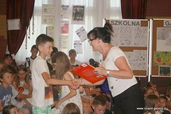 W związku z zebraniem się wszystkich uczniów w sali widowiskowej, nauczyciele korzystając z okazji, rozdali nagrody za udział w konkursach historycznych, muzycznych oraz językowych, w tym z j. polskiego.
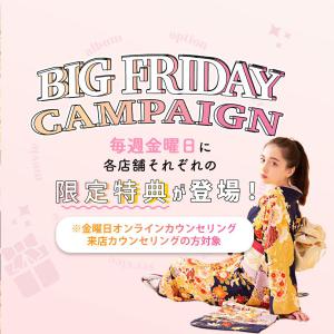 これから成人を迎えるお嬢様へ。当日レンタル可能な新作の振袖をご紹介! 3月のお得なキャンペーンをご紹介!毎週金曜日はBIG FRIDAYも開催! オンラインだと最大20%オフのチャンス! 中央店だけのお得なキャンペーンはこちらをチェック!
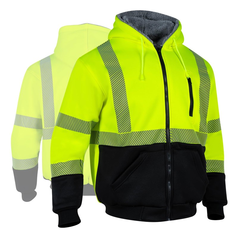 The classic zipper design is very convenient for dressing and undressing.The 360°high reflective strip is designed to ensure safety during work construction, while the hooded design and wool fleece are used to keep warm in winter.The reflective strip of this coat is ANSI/ISEA 107-2020,Type R,Class 3 standard.
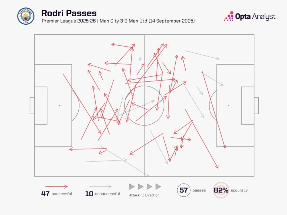 Việc coi chủ nhân Quả Bóng Vàng là điểm yếu của Man City nghe có vẻ kỳ lạ, nhưng hãy xem xét. Trong chiến thắng 3-0 trước Man United, Rodri đôi lúc không theo kịp nhịp độ trận đấu, đặc biệt khi bị gây áp lực. Tỷ lệ chuyền bóng chính xác của anh chỉ đạt 82,5%, thấp thứ hai trong sự nghiệp tại Premier League (79,7% trước Brighton, tháng 10/2022). Dưới áp lực cao, anh chỉ hoàn thành 73,7% số đường chuyền, mức thấp nhất kể từ mùa 2022-23.

● The task: Please write out the material from the line containing "FRIDAYも開催! オンラインだと最大20%オフのチャンス! 中央店だけのお得なキャンペーンはこちらをチェック!" to its final line, both inclusive, exactly as it appears; pictures are not part of the copy.

● Solution to the problem:
 これから成人を迎えるお嬢様へ。当日レンタル可能な新作の振袖をご紹介! 3月のお得なキャンペーンをご紹介!毎週金曜日はBIG FRIDAYも開催! オンラインだと最大20%オフのチャンス! 中央店だけのお得なキャンペーンはこちらをチェック!
 The classic zipper design is very convenient for dressing and undressing.The 360°high reflective strip is designed to ensure safety during work construction, while the hooded design and wool fleece are used to keep warm in winter.The reflective strip of this coat is ANSI/ISEA 107-2020,Type R,Class 3 standard.
 Việc coi chủ nhân Quả Bóng Vàng là điểm yếu của Man City nghe có vẻ kỳ lạ, nhưng hãy xem xét. Trong chiến thắng 3-0 trước Man United, Rodri đôi lúc không theo kịp nhịp độ trận đấu, đặc biệt khi bị gây áp lực. Tỷ lệ chuyền bóng chính xác của anh chỉ đạt 82,5%, thấp thứ hai trong sự nghiệp tại Premier League (79,7% trước Brighton, tháng 10/2022). Dưới áp lực cao, anh chỉ hoàn thành 73,7% số đường chuyền, mức thấp nhất kể từ mùa 2022-23.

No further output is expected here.